Closing the S-corp loophole
In the past, investment managers for funds and managed accounts have reduced the SE tax on advisory fee income with an S-corp tax vehicle. The IRS knows S-corps are used in this manner and it insists on reasonable compensation to the owner/manager to pay some SE or payroll taxes. Guidelines suggest that the 30 percent is “reasonable,” which means the owner saves the SE tax on the remaining 70 percent of fee income. 

Before you get too excited at the prospect of using an S-corp to reduce SE tax on the repeal of carried interest, here’s the bad news. The new bill has proposed to repeal the S-corp SE tax loophole. According to Thomson Reuters, “… the bill would address the situation where service professionals have been avoiding Medicare and Social Security taxes by routing their self-employment income through a corporation where (1) an S corporation is engaged in a professional service business that principally based on the reputation and skill of 3 or fewer individuals or (2) an S corporation is a partner in a professional service business.” 

It appears Congress wants to close the SE tax loophole for smaller companies — one-person professionals who use the S-corp to avoid payroll. Many small investment managers have less than three people, but larger ones might not be affected here. Unless, Congress hangs their hat on “principally based on the reputation and skill of 3 or fewer individuals.” Even some of the larger investment managers have their reputation based on a few key managers.
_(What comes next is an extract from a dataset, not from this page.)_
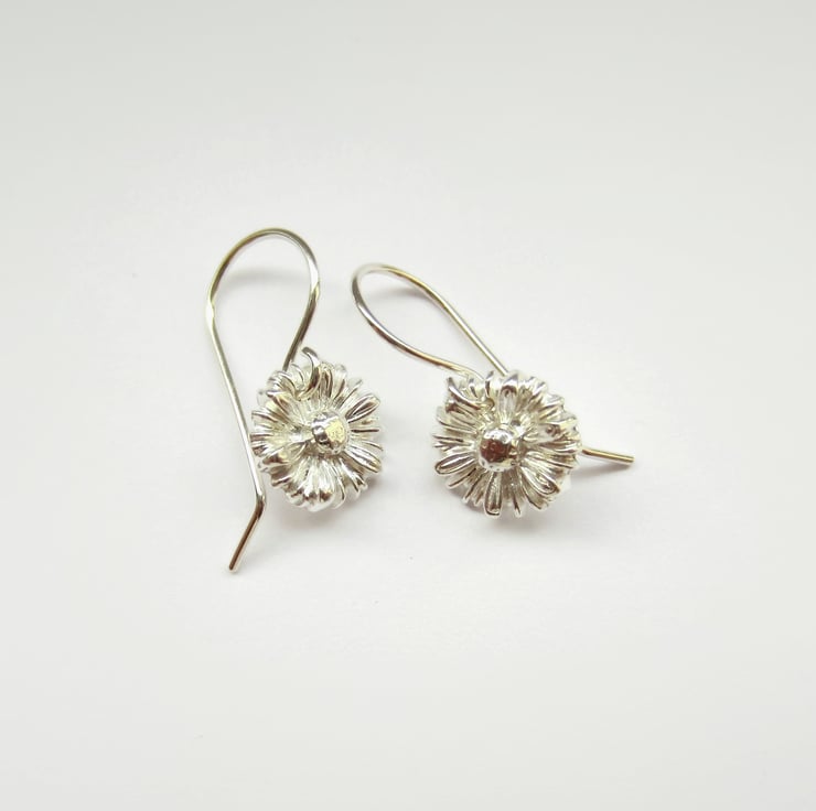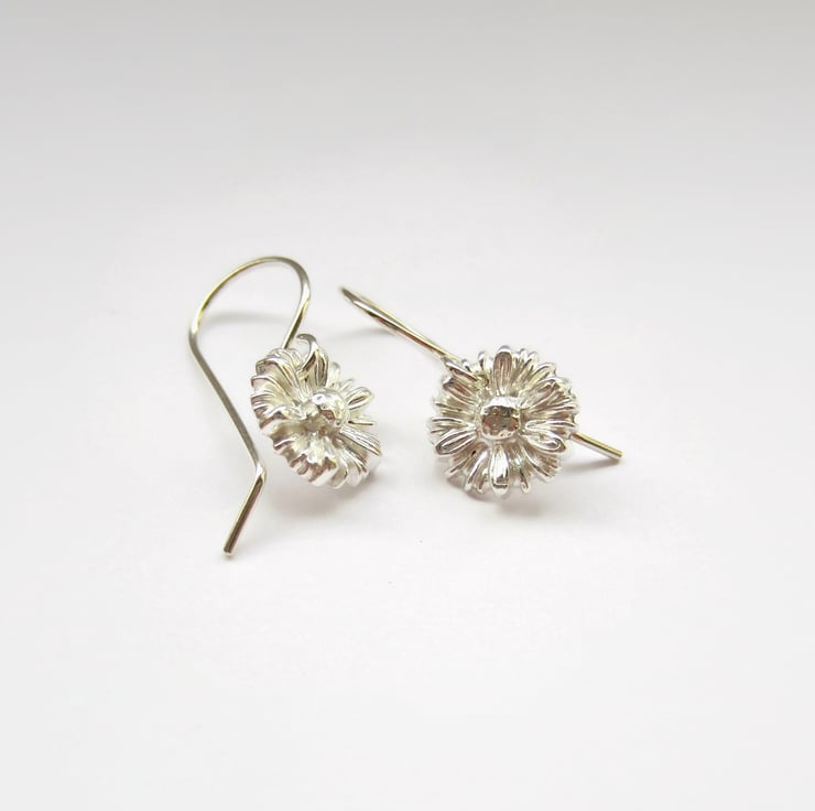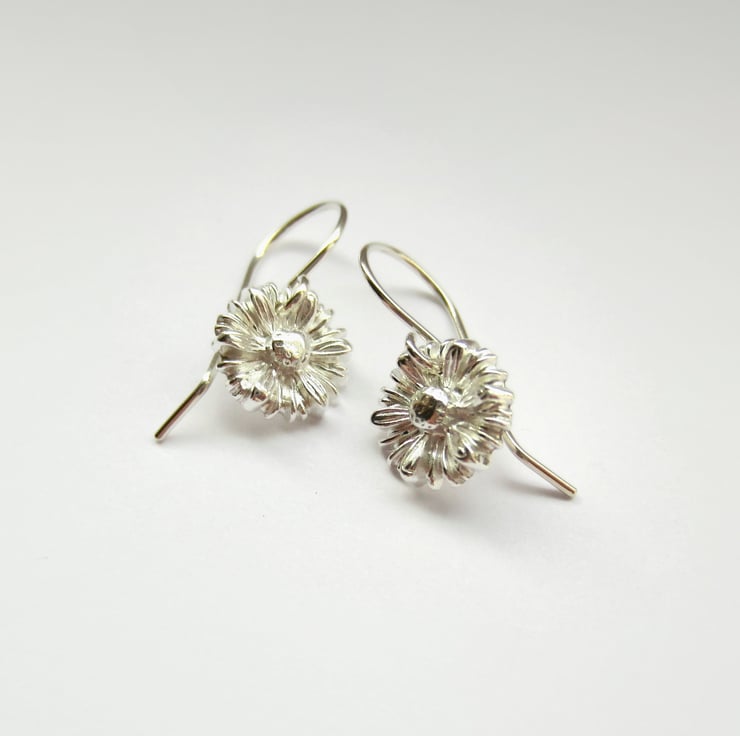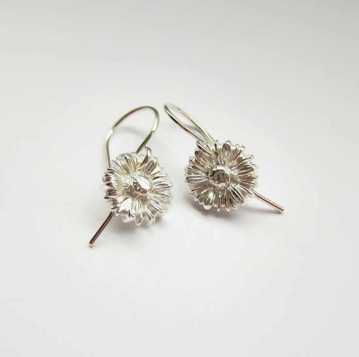 The little daisies are handcrafted by me from eco-friendly silver clay). The clay is pressed into my own handmade flower mould then dried, sanded, drilled and kiln fired, before being barrel polished in a tumble polisher. The flowers are then set on a pair of my own handcrafted sterling silver ear wires.

Investment managers affected by this change may as well remain in an LLC structure filing partnership tax returns, which is usually preferred by their attorneys for governance reasons. Partnership returns are also better than S-corp tax returns. The owner/manager can use administration fees rather than payroll which have added compliance costs. Partnerships can use special tax allocations to owners, whereas S-corps may not. 

Better than a FTT
These tax changes will collectively raise the income tax bills of profitable investment managers. It’s unfortunate, but better than a nasty, industry-killing financial-transaction tax. A FTT is the worst-case scenario for traders, so its absence from this legislation is something to be thankful for. But I don’t trust governments in today’s “meltdown” environment. Bank taxes and/or a potential FTT is being coordinated on a G-20 level and it may be absent from this legislation for that reason too. The Administration wants a bank “fee” (i.e., tax) and they have said no to a global FTT. 

Looking on the bright side, these financial regulations and tax changes should bring more market volatility, so hopefully traders can make back some of the extra costs in trading.